5.2.1 A cozinha dentro da casa

No espaço 1 está a mesa principal da casa onde a família faz as refeições diárias. No dia da Festa ela estava servindo para colocar caçarolas, panelas e travessas com as comidas já prontas e que foram servidas às pessoas em pequenos pratos na hora do jogo.

Por se tratar de muita comida e receitas diferentes, alguma parte da louça como panelas e travessas foram adquiridas através de empréstimos nos vizinhos e parentes. No espaço 2, um freezer horizontal para refrigerar garrafas d’água e refrigerante. O freezer é um eletrodoméstico que pode ser obtido por meio de empréstimos, e, quando não, as bebidas são colocadas em um isopor grande, geralmente é alugado ou emprestado por pessoas da vizinhança.

As bebidas quentes (rum, cachaça vodka) são guardadas no armário, (3), onde também ficavam colheres, garfos, talheres, conchas, copos e pratos descartáveis que serviram os convidados. O fogão a gás (4) é o mais usado nas casas em dias de jogo do pacará, pois facilita cozinhar quatro tipos de comidas ao mesmo tempo. Duas mulheres estavam responsáveis pela cozinha. A uma cabia a tarefa de selecionar e preparar as receitas e a outra auxiliar no fazer. Ela tirava água dos potes (5) que ficavam perto da mesa e da entrada para sala e dava para a parceira colocar nas panelas, ou olhava as comidas quando a outra precisava sair da cozinha.

5.2.2 A cozinha do terraço.

Um homem cortava as partes da carne (6) de um bode em cima de uma mesa retangular de mais ou menos um metro de cumprimento que eram transformadas em receitas pelas mulheres. Na medida em que a carne ia sendo cortada pelo homem (7), as mulheres selecionavam as partes para cortá-los em pedaços menores e temperá-los para o cozimento. Numa mesa pequena (8) duas mulheres descascavam verduras e tubérculos (batatas doce, macaxeira38, jerimum, beterraba e repolho) que acompanhavam os tira-gostos (9). Uma

mulher lavava a louça em uma pia para atender a demanda e não faltar na Festa (10); Um grupo de três ou quatro mulheres, incluindo crianças, sentadas em círculo nos tamboretes debulhava feijão verde para cozinhar.

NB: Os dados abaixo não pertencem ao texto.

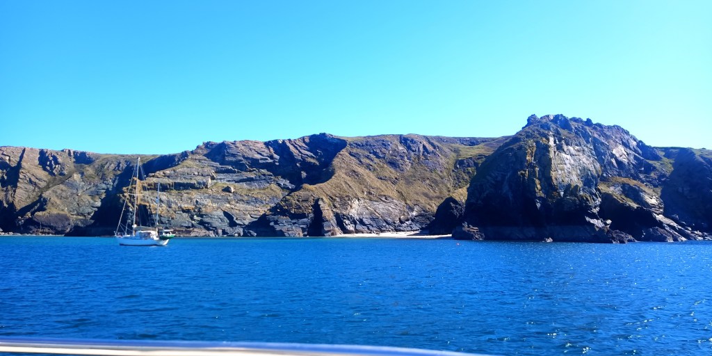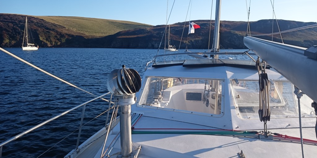 Toutes voiles dehors, génois, grand-voile et artimon, nous filons entre 8 et 10 noeuds sous 25 noeuds de vent bien établi (économies de gazole en vue !). Après 24h de traversée, nous arrivons dans la baie de Penzance, au sud ouest de l’Angleterre, pays de Cornouailles, avec ses jolies collines verdoyantes, avant de viser un petit mouillage abrité et ravissant. Un autre vieux ketch anglais sera notre voisin, lisant son journal avec le flegme qu’on peut attendre d’un local. La baie est splendide, sable fin (vous n’allez pas nous croire, mais on voit le fond, une première depuis la Méditerranée !), soleil, rochers immenses parsemés d’oiseaux marins et pas de houle :).
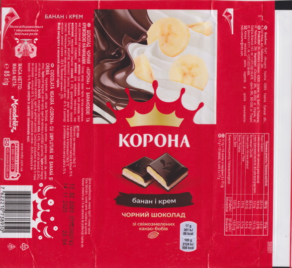 KRAFT FOODS was renamed to Mondelez in 2013. MONDELEZ manufactures chocolate tablets Korona and Milka in Ukraine and also chocolates for western markets - white chocolates under brands Milka, Cadbury, Marabou. |
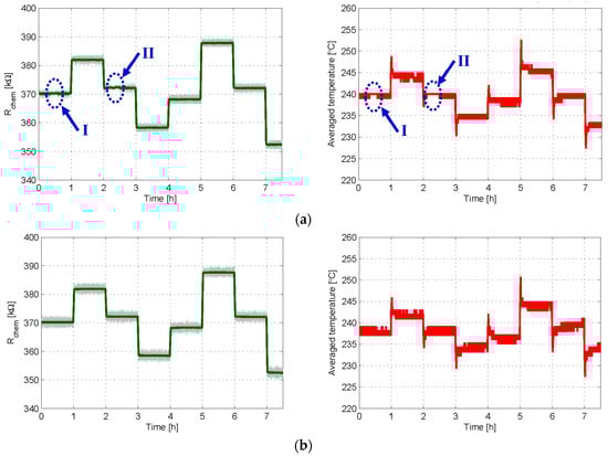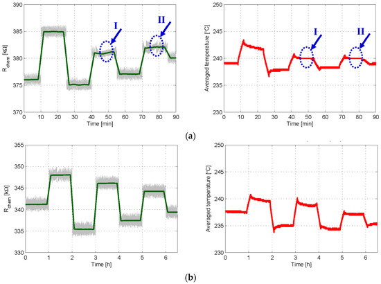 Experimental results in which 1st and 2nd order controls are used to obtain a given sequence of target chemical resistances Rth. (a) Time evolution of the chemical resistance (Left) and of the average temperature provided by the 1st order loop (Right); Rth was set to 376, 385, 375, 381, 377, 382, and 380 kΩ in 15 min intervals; Thigh = 280 °C, Tlow = 200 °C, δ = 25%, and TS = 1 s; (b) same results when 2nd order control was applied to set Rchem to 341, 348, 335, 346, 337, 344, and 339 kΩ in 60 min intervals; Thigh = 280 °C, Tlow = 200 °C, α = 2 kΩ, δ = 20% and TS = 2 s. In left plots, the grey lines are the raw signals at the sampling frequency, while the green one is the moving average obtained with 200 samples.

5.2.3 A cozinha do terreiro

O terreiro era o lugar de maior movimento de pessoas, vizinhos, parentes, curiosos que apareceram para ajudar ou simplesmente observar (11). Dois homens se concentravam na preparação da fervura da água para pelar o porco que ia ser vendido na rifa. A água estava numa lata grande suspensa por tijolos num fogo a lenha que ficava mais distante e perto de um reservatório d’água. Do outro lado do reservatório (12), também um pouco afastada do terraço e das pessoas, uma idosa (67 anos) tratava o fato (estômago) do animal para fazer a buchada. Seu trabalho era auxiliado por um jovem de mais ou menos quartoze anos que tirava água da torneira do tanque em um balde grande e levava para encher as bacias que ela utilizava com água para limpar o fato do animal.

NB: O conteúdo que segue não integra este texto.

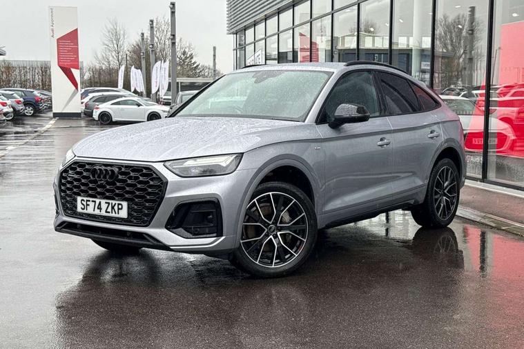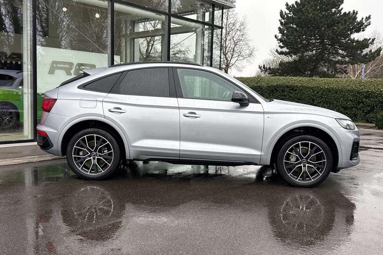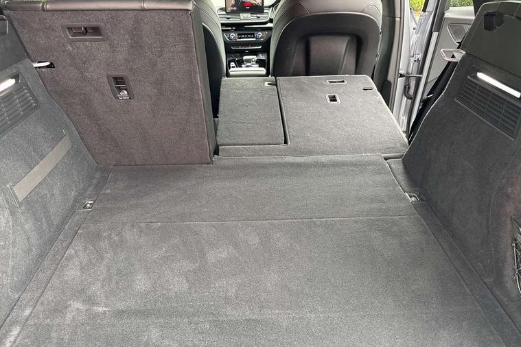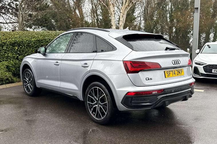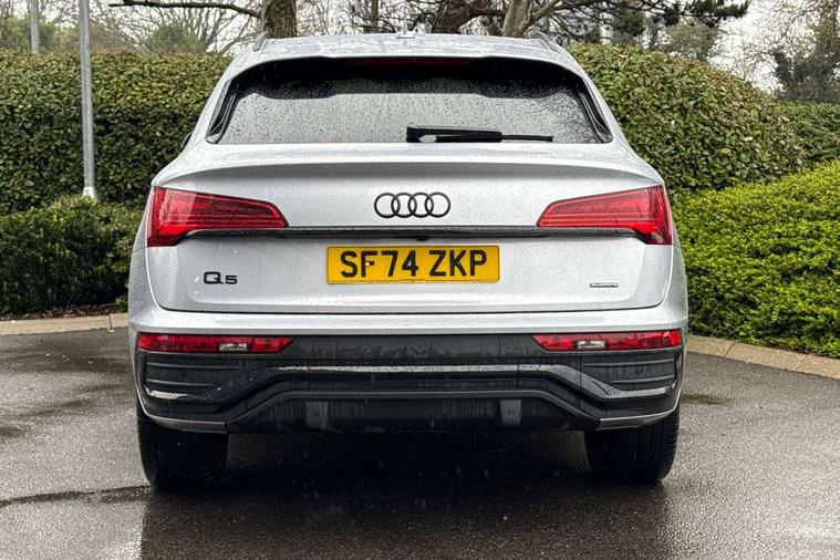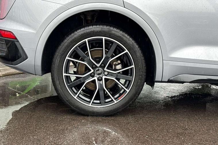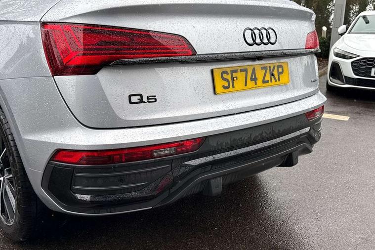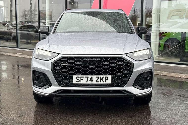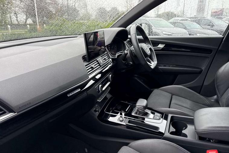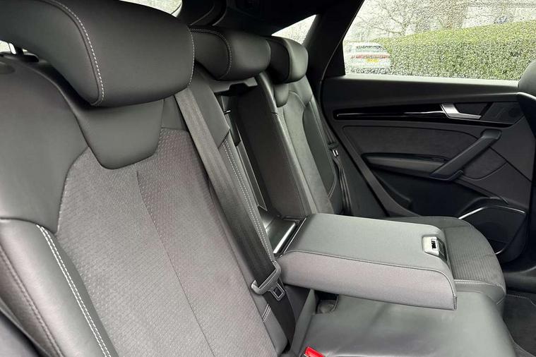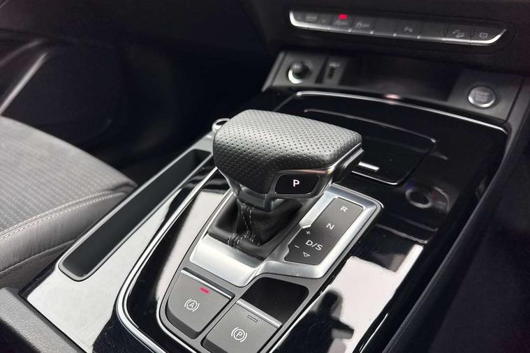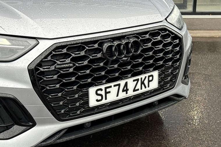 Acoustic front and rear parking sensor, Audi connect safety and service (e-call), Audi drive select, Audi virtual cockpit plus with 12.3" screen and three different layout designs, Audi wireless smartphone interface, Automatic start-stop system with coasting functionality and efficiency programme, Bluetooth interface, Camera based traffic sign recognition, Electro - mechanical power assisted steering, Lane departure warning, MMI navigation plus with 10.1" touch screen, Power tailgate, Reversing camera, Service interval indicator, Voice control system with Audi hotword activation "Hey Audi", Diesel particulate filter, Quattro on demand, S line sports suspension, 2 x USB charging port with aux input socket, 8 loudspeakers, DAB Digital radio, Acoustic windscreen, Auto dimming door mirrors, Auto dimming frameless rear view mirror, Automatic headlight adjustment, Automatic headlights and windscreen wipers, Black roof rails, Black styling with black rings, Body colour bumpers, Body colour rear diffuser with matt aluminium silver surrounds, Body colour underbody protection, Chrome plated exhaust trims, Daytime running lights, Door sills in Selenite silver, Electric adjustable/heated/folding door mirrors, Front air inlet surrounds in aluminium, Front and rear electric windows, Front radiator grille in honeycomb design, LED 3rd brake light, LED headlights and LED tail lights, Loading edge protection in stainless steel, Lower bumpers painted in contrast Manhattan grey, Rear chrome trim strip below lights, Rear privacy glass and rear side windows, Rear side wing doors, Rear wiper, Roof bars, S Line badges on the front wing panels, S Line front and rear bumpers, S Line rear spoiler, S Line side skirts, 3 rear headrests, Black cloth headlining, Comfort front centre armrest, Contrast stitching on seats, steering wheel and gear lever gaiter, Deluxe 3 zone electronic climate control, Front head restraints, Front sport seats with S embossed logo, Front/rear floor mats, Gear lever in black leather, Heated front seats, Height/reach adjustable steering column, Illuminated door sill trims with S logo, Luggage compartment cover, Manual seat adjustment with 4-way electric lumbar support, Single front passenger seat, Stainless steel pedals, Sunvisors with vanity mirrors, Top surface of the rear centre armrest in artificial leather, High gloss pack - Q5, LED interior light pack - Q5, 3 point seatbelts on all seats, 6 airbags - Driver, front passenger, curtain and side airbags, Attention and drowsiness assist, Electrically operated child locks on rear doors, Electromechanical parking brake, Electronic stabilisation control including ABS, ASR and EDL, First aid kit with warning triangle and vests, Front passenger airbag deactivation, Hill descent control, Hill hold assist, ISOFIX child seat mounting for front passenger seat and ISOFIX child seat mounting with Top Tether for outer rear seats, Multi collision brake assist, Pop-up bonnet for pedestrian protection, Pre sense city, Seatbelt monitoring, Tyre pressure warning, Anti theft alarm, Anti-theft wheel bolts, Remote central locking, Remote control key with SAFELOCK and keyless go, Air vents inserts and centre console in gloss black, Tool kit, Tyre repair kit,

Embaixo de um umbuzeiro (13) homens penduravam nos galhos, de cabeça para baixo, após terem largado no chão por mais ou menos cinco minutos, o bode que havia sido morto com uma única paulada na cabeça. Sangravam e tiravam seu couro. O sangue foi colocado imediatamente numa água quente para dar a consistência sólida necessária às receitas (buchada e picado39). O ritual de abate e corte do animal era observado por adultos e crianças independente de sexo.

Vários curiosos observavam os homens despelando e esquartejando um porco. Os homens (14) colocavam uma grande tábua no chão e punham o porco com que havia sido morto a tiros de rifle na cabeça. Despelavam, colocando água quente para soltar o pelo raspando-os com uma faca grande. Do porco eles não aproveitaram o sangue para as receitas, esse foi colocado para outro porco comer (15). Adultos e crianças observavam todo o serviço (16). Um tanque coberto com telhas, lugar onde a família extensa de quatro residências (pai e três filhos casados que moram no mesmo terreno) armazenava água.

As imagens 17, 18 e 19 são de árvores, respectivamente, umbuzeiro grande, umbuzeiro pequeno e goiabeira. Também no terreiro estavam o chiqueiro dos porcos (20) e a plantação de hortaliças e ervas (21). A geladeira da família ficava na sala (22).